In fact, you have to go to MTV in the Us or Top of the Pops in the UK to find as much solid pop-video work as there is in this mix: most of the biggest songs had several different videos, because there were a lot of competing pop shows on Yugoslav television and sometimes they each commissioned their own video.
There is still plenty of Communism represented in the mix, though: notably the predominance of the state record label, Jugoton, as the issuer of most of the music below. Variants mostly reflect the city of origin, to which point: Yugoslavia was a federation of six socialist republics: Serbia, Croatia, Bosnia, Slovenia, Macedonia, and Montenegro, as well as two autonomous communities within Serbia, Kosovo and Vojvodina. Linguistically diverse (Serbian, Croatian, Bosnian, and Montenegrin are all to some degree mutually intelligible, but Slovene, Macedonian, and Kosovar Albanian are not), ethnically and religiously heterogeneous, and with a long history of nominal administrative unity but distinct local practices, Yugoslavia represents the point in these mixes where my slender grasp on the languages in question fails entirely.
There are seven Serbian, seven Croatian, three Bosnian, two Slovene, one Macedonian and one Kosovar songs, not that I could distinguish any of them except diacritically. Albania, the Balkan socialist republic bounded by Yugoslavia and the Mediterranean, is not represented at all except linguistically (Kosovo is largely ethnic Albanian); state repression of non-folk popular music was enforced in Tirana until the 1990s.
I think that’s all the hedging I wanted to do. Although this project has been called a “deep dive,” I think of it much more as a surface skim. Anyone with the patience to click around on YouTube, fact-check against Discogs, and use Chrome’s translation tools could do the same. You can too. If you like anything you hear, you should.
1. Bebi Dol Rudi PGP RTB | Belgrade, 1983
We open with perhaps the most perfect pop song produced in Eastern Europe all decade: a valentine to Rudolph Valentino, sung by Serbian pop starlet Dragana Šarić. Her stage name is such deliberately infantilizing phonetic English that the breadth of her music, far from being lolita-esque dance-pop, can take the unwary by surprise. Her work was influenced by jazz, Arabic pop, and traditional Slavic folk as well as international pop: and despite its puppy-love lyrics, “Rudi” is structurally surprising, as she takes a basic pop song and unfolds unexpected harmonic filigree in post-chorus vocal flights. The voluptuous sweep of the melody fits in well with the plush erotic fantasies enacted on screen by Valentino: one video clip has Šarić intercut with scenes The Sheik, which helps elucidate the colonialist trappings of Western commodified (heterosexual) desire.

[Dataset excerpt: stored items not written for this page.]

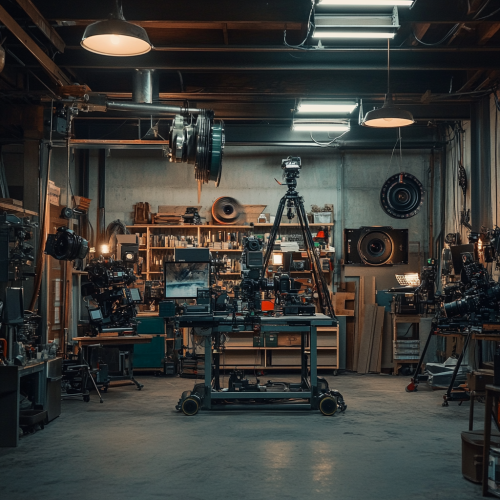 Retro-inspired mechanic shop where all tools and equipment are designed for video production. Large cinema cameras sit on car lifts, tripods replace engine hoists, and shelves are filled with lenses, film reels, and cables as if they were spare parts. Mechanics in rugged workwear carefully adjust camera gears and lenses. Lighting rigs hang from the ceiling like classic shop lamps, casting a warm, cinematic glow.
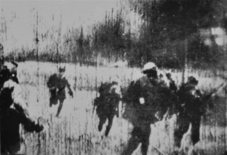 | 琼崖抗日独立总队第三大队在那大战斗中追击日军。 |
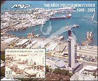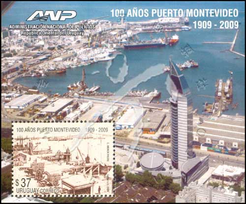 乌拉圭蒙得维的亚港建成百年,港口老照片及俯瞰图小型张
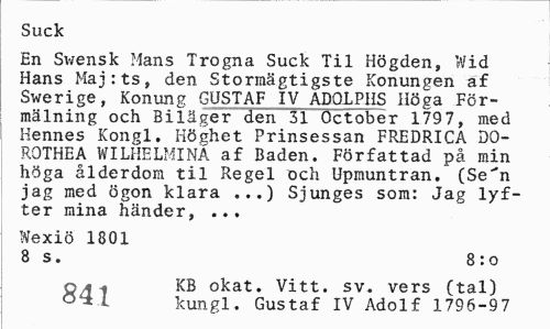 //// Suck //// En Swensk Mans Trogna Suck Til Högden, Wid Hans Majrts, den Stormägtigste Konungen af Swerige, Konung GUSTAF IV ADOLPHS Höga För-mälning och Biläger den 31 October 1797, med Hennes Kongl. Höghet Prinsessan FREDRICA DQ-ROTHEA WILHELMINA af Baden. Författad på min höga ålderdom til Regel och Upmuntran. (Se'n jag med ögon klara ...) Sjunges som: Jag lyfter mina händer, ... //// Wexiö 1801 //// 8 s. 8 : o //// p/41 KB okat. Vitt. sv. vers (tal) //// t kungl. Gustaf IV Adolf 1796-97 ////

2. Xenia Troje Jugoton | Zagreb, 1984
What I always think of as the Blondie model of pop — a sharp pop-rock band fronted by a cool, attractive woman — was extremely popular in the early 1980s, and in Yugoslavia every major ethnicity had their own. Xenia was the Croatian version: singer Vesna Vrandečić was the singer, although on this single (“Three”) she cedes the chorus to the band’s guitarist and songwriter Robert Funčić’s laid-back almost-rap. Since it’s a song about the drama of men fighting over a woman, and the chorus is first-person from one of the men, it makes a kind of sense: but overshadowing both singers is the tense, blustery edge of the music, all paranoia and bluster, replicating the physical sensation of being in the room for such a fight.
3. Zabranjeno Pušenje Zenica blues Jugoton | Sarajevo, 1984
Although one of the smaller and poorer republics in the Yugoslav federation, Bosnia was one of the few to engender an honest-to-goodness local cultural movement (as opposed to merely imitations of Western models) in the 1980s. The “Novi primitivizam” (New Primitivism) that swept Sarajevo between 1981 and 1987 was a jocular proletarian reaction to the self-serious New Romanticism of British import (and Croatian popularization, as we will see) and Slovenian Neue Slowenische Kunst (we’ll see a bit of that too). Zabranjeno Pušenje were perhaps the foremost Novi primitivizam band: a folk-punk outfit like the Fugs or the Mekons, their music was characterized by local slang (often borrowed Turkicisms), simple melodies, and rudimentary instrumentation. Their low-key anthem “Zenica blues” (sometimes “bluz”) is a Johnny Cash-like tale of petty criminality, prison sentences, and the gloomy garrison at Zenica.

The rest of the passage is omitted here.